What you have to do: Quote from the first line below through the line that contains "3372 - حَدَّثَنَا", both included, and leave the pictures out.
[[ Source data open ]]
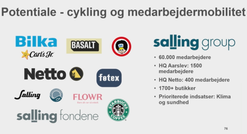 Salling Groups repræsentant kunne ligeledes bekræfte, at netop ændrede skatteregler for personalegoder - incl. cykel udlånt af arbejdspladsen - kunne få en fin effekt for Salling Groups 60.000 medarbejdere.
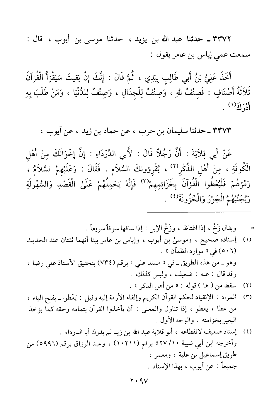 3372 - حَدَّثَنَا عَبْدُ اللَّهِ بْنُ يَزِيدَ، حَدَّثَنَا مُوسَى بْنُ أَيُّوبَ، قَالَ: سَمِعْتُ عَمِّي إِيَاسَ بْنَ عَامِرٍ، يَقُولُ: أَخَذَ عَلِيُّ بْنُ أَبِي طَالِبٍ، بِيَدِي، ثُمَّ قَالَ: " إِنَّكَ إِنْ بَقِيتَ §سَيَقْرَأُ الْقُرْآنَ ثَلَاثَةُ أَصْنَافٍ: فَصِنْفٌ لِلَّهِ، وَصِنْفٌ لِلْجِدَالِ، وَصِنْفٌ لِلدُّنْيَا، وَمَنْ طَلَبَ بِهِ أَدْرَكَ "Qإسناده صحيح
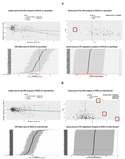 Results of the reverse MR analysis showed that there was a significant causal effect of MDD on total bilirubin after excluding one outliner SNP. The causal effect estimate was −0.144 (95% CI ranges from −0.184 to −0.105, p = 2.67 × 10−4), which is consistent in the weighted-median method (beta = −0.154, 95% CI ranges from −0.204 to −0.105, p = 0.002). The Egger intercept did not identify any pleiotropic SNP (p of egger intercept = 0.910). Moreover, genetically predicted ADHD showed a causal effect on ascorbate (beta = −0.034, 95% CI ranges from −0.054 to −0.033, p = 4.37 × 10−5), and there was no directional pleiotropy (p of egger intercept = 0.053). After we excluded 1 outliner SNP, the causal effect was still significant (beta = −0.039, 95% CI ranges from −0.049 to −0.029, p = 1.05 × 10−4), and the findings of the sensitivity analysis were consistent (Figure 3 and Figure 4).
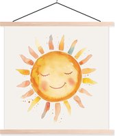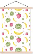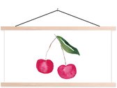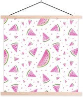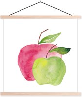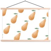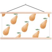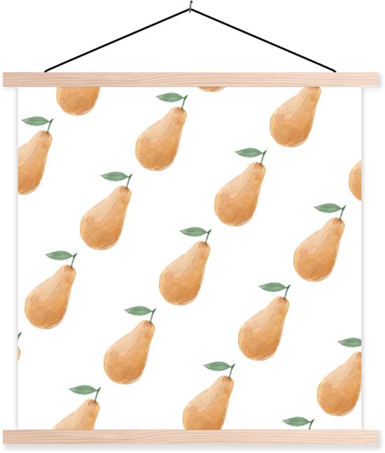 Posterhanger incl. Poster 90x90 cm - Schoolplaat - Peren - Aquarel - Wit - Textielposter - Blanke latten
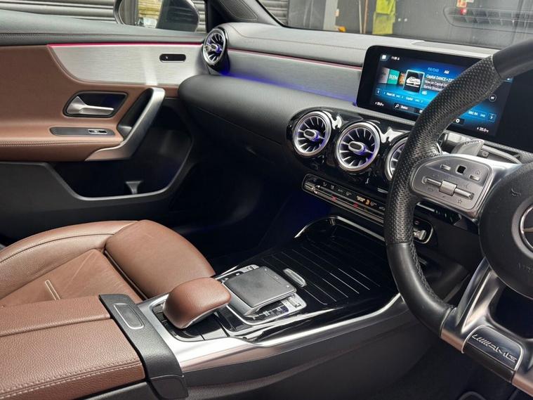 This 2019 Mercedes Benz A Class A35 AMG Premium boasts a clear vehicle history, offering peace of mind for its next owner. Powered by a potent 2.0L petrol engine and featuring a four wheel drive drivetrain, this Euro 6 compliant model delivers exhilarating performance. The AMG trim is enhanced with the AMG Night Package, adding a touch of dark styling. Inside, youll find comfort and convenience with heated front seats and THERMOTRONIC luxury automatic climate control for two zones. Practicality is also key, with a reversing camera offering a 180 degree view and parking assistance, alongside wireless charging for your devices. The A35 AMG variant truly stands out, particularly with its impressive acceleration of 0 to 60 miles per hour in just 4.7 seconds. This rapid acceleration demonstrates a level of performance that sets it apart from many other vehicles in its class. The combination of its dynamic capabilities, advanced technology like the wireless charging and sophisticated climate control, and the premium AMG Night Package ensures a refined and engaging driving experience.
[[ Source data closed ]]
Task output:
 Salling Groups repræsentant kunne ligeledes bekræfte, at netop ændrede skatteregler for personalegoder - incl. cykel udlånt af arbejdspladsen - kunne få en fin effekt for Salling Groups 60.000 medarbejdere.
 3372 - حَدَّثَنَا عَبْدُ اللَّهِ بْنُ يَزِيدَ، حَدَّثَنَا مُوسَى بْنُ أَيُّوبَ، قَالَ: سَمِعْتُ عَمِّي إِيَاسَ بْنَ عَامِرٍ، يَقُولُ: أَخَذَ عَلِيُّ بْنُ أَبِي طَالِبٍ، بِيَدِي، ثُمَّ قَالَ: " إِنَّكَ إِنْ بَقِيتَ §سَيَقْرَأُ الْقُرْآنَ ثَلَاثَةُ أَصْنَافٍ: فَصِنْفٌ لِلَّهِ، وَصِنْفٌ لِلْجِدَالِ، وَصِنْفٌ لِلدُّنْيَا، وَمَنْ طَلَبَ بِهِ أَدْرَكَ "Qإسناده صحيح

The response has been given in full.